Илья Калинин: «Обвинения — «вас читают дети». Ну, извините, стоит значок 18+».
Илья Калинин — корреспондент НГС уже вот 16 лет. Илья пишет криминальные расследования и делает репортажи с конкурсов красоты. Он рассказал нам о «жёлтой» прессе, сапогах и омикроне.
— Как журналистикой заработать себе на сапоги?
— У меня нет сапог, я не знаю!
— А на кроссовки?
— Кроссовок тоже нет!
— Ну, а на джинсовку?
— Джинсовка у меня рваная, старая. Я не знаю на самом деле. Я вот дочери своей рассказываю, что в любой профессии [нужно делать — Прим. ред.] то, что ты любишь делать, то, что у тебя хорошо получается, и стараться делать, как можно лучше с каждым разом.

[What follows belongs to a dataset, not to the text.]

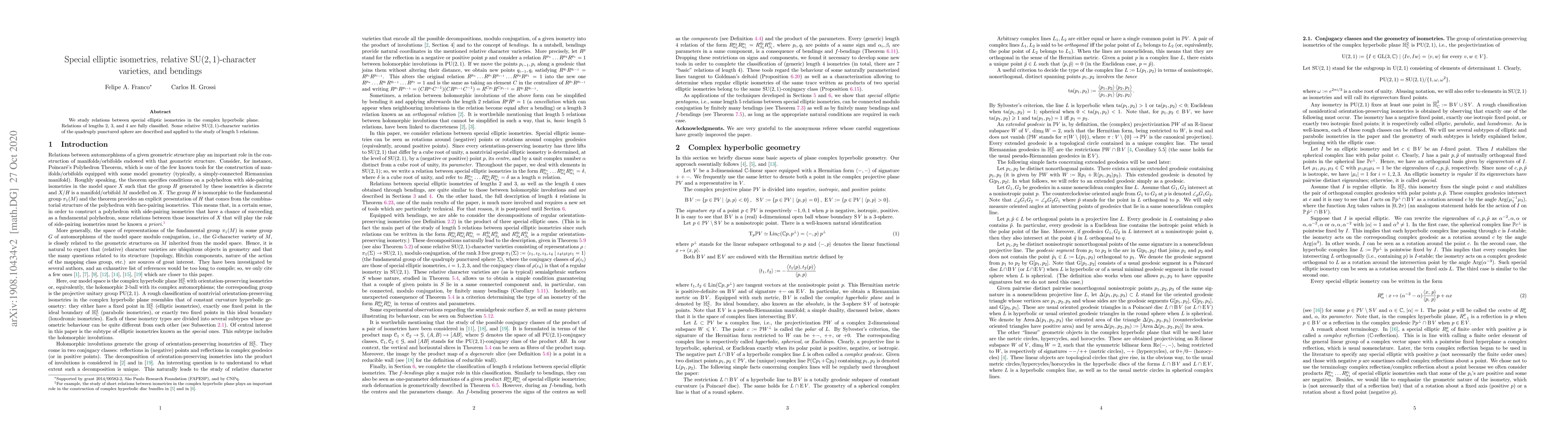 We study relations between special elliptic isometries in the complex hyperbolic plane. Relations of lengths 2, 3, and 4 are fully classified. Some relative SU(2,1)-character varieties of the quadruply punctured sphere are described and applied to the study of length 5 relations.

Стараться делать лучше, лучше и лучше помаленечку, и в какой-то момент это приносит свои плоды, если не останавливаться, а двигаться в этом направлении, делать, что тебе нравится, то, что ты умеешь делать, и делать это всё лучше и лучше, то в какой-то момент это количественное перерастёт в качественное. И будет обратной отдача. На жизнь всегда не хватает, какая бы у тебя профессия не была. А я вообще такой аскет по жизни: могу обходиться вообще малым, мне не требуются какие-то роскоши, гламуры.
— Есть ли темы, которые не стоит освещать?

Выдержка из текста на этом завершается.